◆ DATA RECORDS ◆
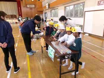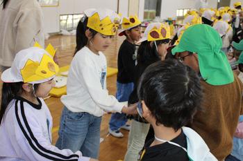 本日(11/19)の2~3時間目、1年生は、にじいろ幼稚園とさくら保育園の園児さんをお迎えして「なかよし会」を行いました。
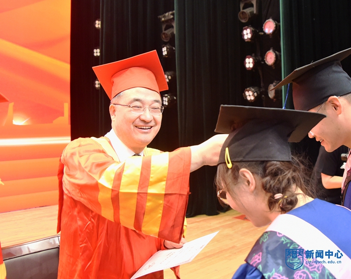 乔旭校长作了题为“青春奋进新时代 担当有为新征程”的讲话。他对毕业生提出了三点期望。一是立青春之志向,开时代之新局。新时代呼唤当代青年勇担使命、接续奋斗,同学们要将自己的理想同祖国的前途紧密联系起来,立下青春志向,明确奋斗目标,做好人生规划;二是扬青春之朝气,创人生之格局。艰难困苦,玉汝于成,同学们要坚定信念、昂扬斗志,保持勇往直前的精神气度,以积极进取的姿态迎接未来的挑战;三是展青春之风采,应社会之大局。鹰击天风壮,鹏飞海浪春,同学们要积极投身社会基层、建设一线、项目攻关的前沿,干事创业、增长才干,要接地气、重实干,找准定位、脚踏实地,在广阔天地中展现风采、实现价值。他鼓励同学们要着力增强实践能力和创新能力,争做新时代科技创新的排头兵,要锲而不舍、敢于试错,甘坐冷板凳、下足“笨功夫”,从国家急迫需要和长远需求出发,把论文写在祖国的大地上,写在车间里、装置上、产品中,努力书写无愧于时代的创新篇章。
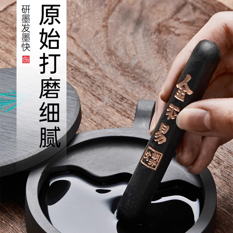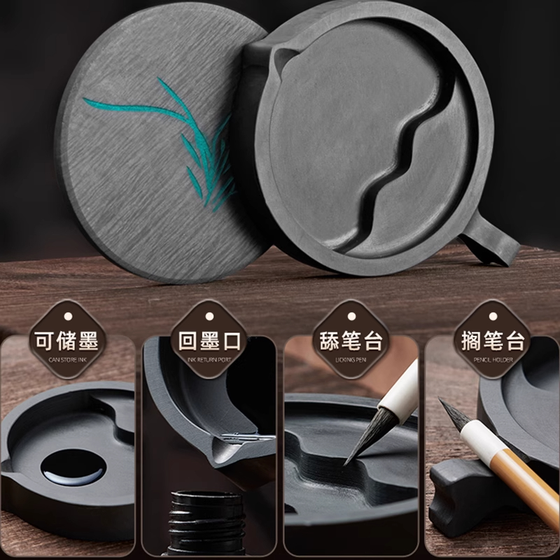 砚台书法专用带盖天然原石墨池墨砚初学者不干墨毛笔墨汁墨盒可研磨墨高档墨碟墨盘国画砚池文房四宝书法用品
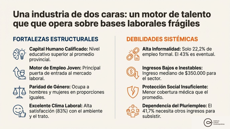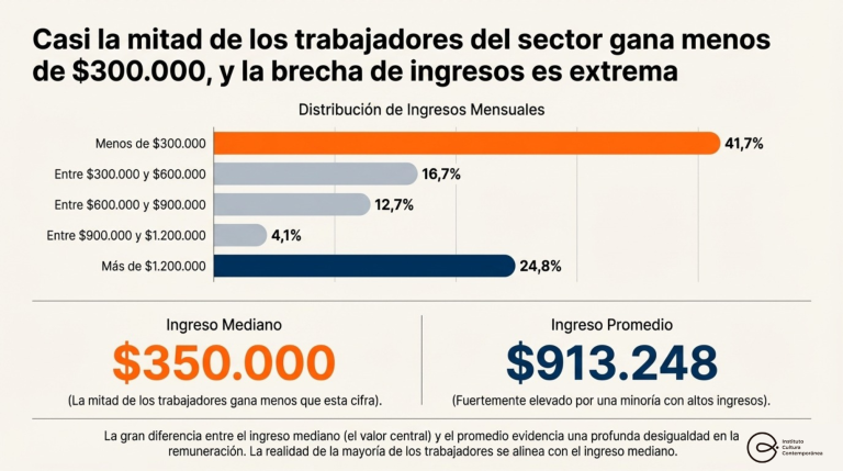 Sin embargo, el informe también expone algunas paradojas del sector. A pesar de su capacidad de generar empleo masivo, la fuerza laboral se caracteriza por una alta eventualidad:  el 15.6% cuenta con contrato formal y el 41.7% busca fuentes alternativas de ingresos para subsistir. El ingreso mediano mensual se ubica en $350.000,  por debajo del promedio de $913.248, lo que evidencia una  desigualdad interna.
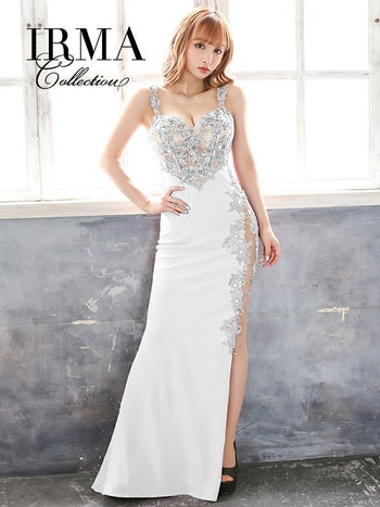 気品に満ちた女性へ導くキャバドレス♪ 【IRMA/イルマ】フラワーレース ホワイト タイトロングドレス
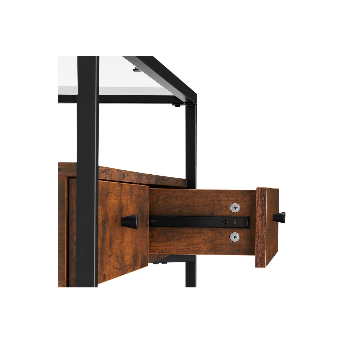 Bring your home decor dreams to life with the slim console table Maidenhead from tectake. This versatile piece of furniture not only boasts two shelves and two drawers, but also occupies minimal floor space for the usable storage space it provides. Plus, the durable powder-coated steel amp melamine protected surfaces ensure a long service life. The large glass top and slim middle section with a fine wood look oak finish creates an elegant accent, allowing you to display your accessories and provides a stylish addition to any hallway, dining, or living room. The natural oak cabinet and colour options are perfect to match with a variety of interior design choices.
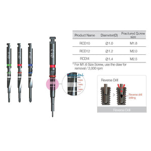 - This device removes a fractured screw. Insert a Screw Remover that is appropriate for the size of the hole formed using the Reverse Drill and rotate it at a low speed (at or below 80 rpm) in the reverse direction.
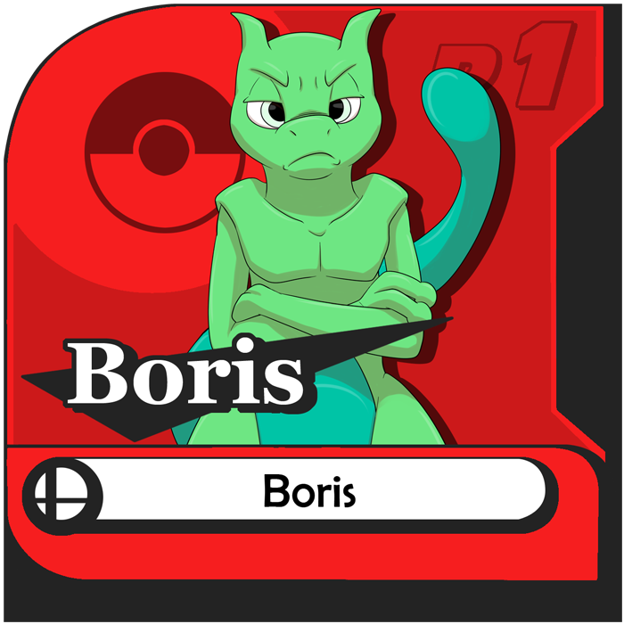 In canon Smash, when Mewtwo doesn't win, he doesn't clap for the winner, he just acts all salty about it. Boris is always salty.
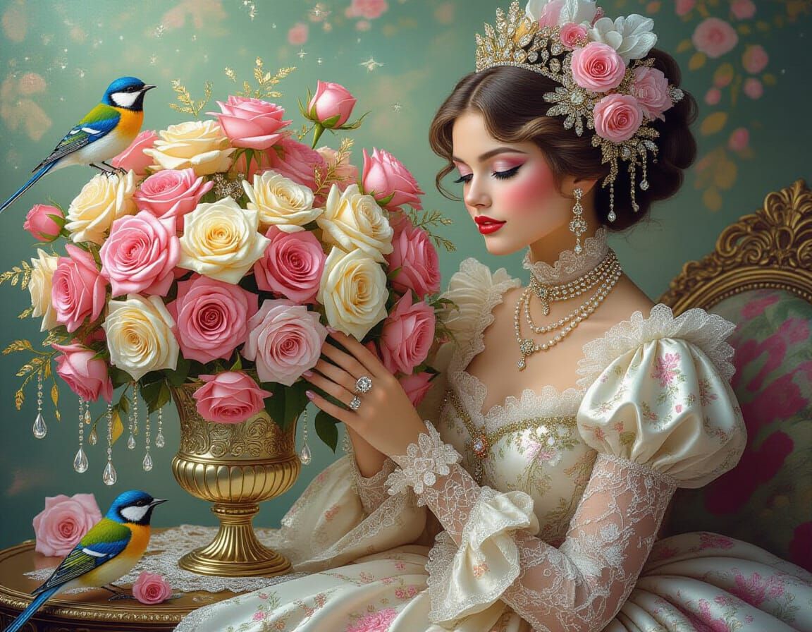 A radiant woman amidst jeweled roses and lace. The luxurious fantasy scene is rich with detail and soft, warm light. The image is rendered as a vibrant and detailed mixed media illustration.
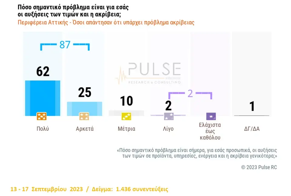 Από όσους απάντησαν ότι υπάρχει πρόβλημα αυξήσεων τιμών και ακρίβεια, το 87% το χαρακτηρίζει ως «Πολύ» ή «Αρκετά» σημαντικό.
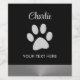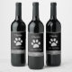 Etiqueta Para Botella De Vino Paw de perro plateado sobre fondo negro

◆ WHAT THE TASK REQUIRES ◆
Write the full listing out again with every line unchanged, but include no pictures.

◆ WRITTEN ANSWER ◆
 本日(11/19)の2~3時間目、1年生は、にじいろ幼稚園とさくら保育園の園児さんをお迎えして「なかよし会」を行いました。
 乔旭校长作了题为“青春奋进新时代 担当有为新征程”的讲话。他对毕业生提出了三点期望。一是立青春之志向,开时代之新局。新时代呼唤当代青年勇担使命、接续奋斗,同学们要将自己的理想同祖国的前途紧密联系起来,立下青春志向,明确奋斗目标,做好人生规划;二是扬青春之朝气,创人生之格局。艰难困苦,玉汝于成,同学们要坚定信念、昂扬斗志,保持勇往直前的精神气度,以积极进取的姿态迎接未来的挑战;三是展青春之风采,应社会之大局。鹰击天风壮,鹏飞海浪春,同学们要积极投身社会基层、建设一线、项目攻关的前沿,干事创业、增长才干,要接地气、重实干,找准定位、脚踏实地,在广阔天地中展现风采、实现价值。他鼓励同学们要着力增强实践能力和创新能力,争做新时代科技创新的排头兵,要锲而不舍、敢于试错,甘坐冷板凳、下足“笨功夫”,从国家急迫需要和长远需求出发,把论文写在祖国的大地上,写在车间里、装置上、产品中,努力书写无愧于时代的创新篇章。
 砚台书法专用带盖天然原石墨池墨砚初学者不干墨毛笔墨汁墨盒可研磨墨高档墨碟墨盘国画砚池文房四宝书法用品
 Sin embargo, el informe también expone algunas paradojas del sector. A pesar de su capacidad de generar empleo masivo, la fuerza laboral se caracteriza por una alta eventualidad:  el 15.6% cuenta con contrato formal y el 41.7% busca fuentes alternativas de ingresos para subsistir. El ingreso mediano mensual se ubica en $350.000,  por debajo del promedio de $913.248, lo que evidencia una  desigualdad interna.
 気品に満ちた女性へ導くキャバドレス♪ 【IRMA/イルマ】フラワーレース ホワイト タイトロングドレス
 Bring your home decor dreams to life with the slim console table Maidenhead from tectake. This versatile piece of furniture not only boasts two shelves and two drawers, but also occupies minimal floor space for the usable storage space it provides. Plus, the durable powder-coated steel amp melamine protected surfaces ensure a long service life. The large glass top and slim middle section with a fine wood look oak finish creates an elegant accent, allowing you to display your accessories and provides a stylish addition to any hallway, dining, or living room. The natural oak cabinet and colour options are perfect to match with a variety of interior design choices.
 - This device removes a fractured screw. Insert a Screw Remover that is appropriate for the size of the hole formed using the Reverse Drill and rotate it at a low speed (at or below 80 rpm) in the reverse direction.
 In canon Smash, when Mewtwo doesn't win, he doesn't clap for the winner, he just acts all salty about it. Boris is always salty.
 A radiant woman amidst jeweled roses and lace. The luxurious fantasy scene is rich with detail and soft, warm light. The image is rendered as a vibrant and detailed mixed media illustration.
 Από όσους απάντησαν ότι υπάρχει πρόβλημα αυξήσεων τιμών και ακρίβεια, το 87% το χαρακτηρίζει ως «Πολύ» ή «Αρκετά» σημαντικό.
 Etiqueta Para Botella De Vino Paw de perro plateado sobre fondo negro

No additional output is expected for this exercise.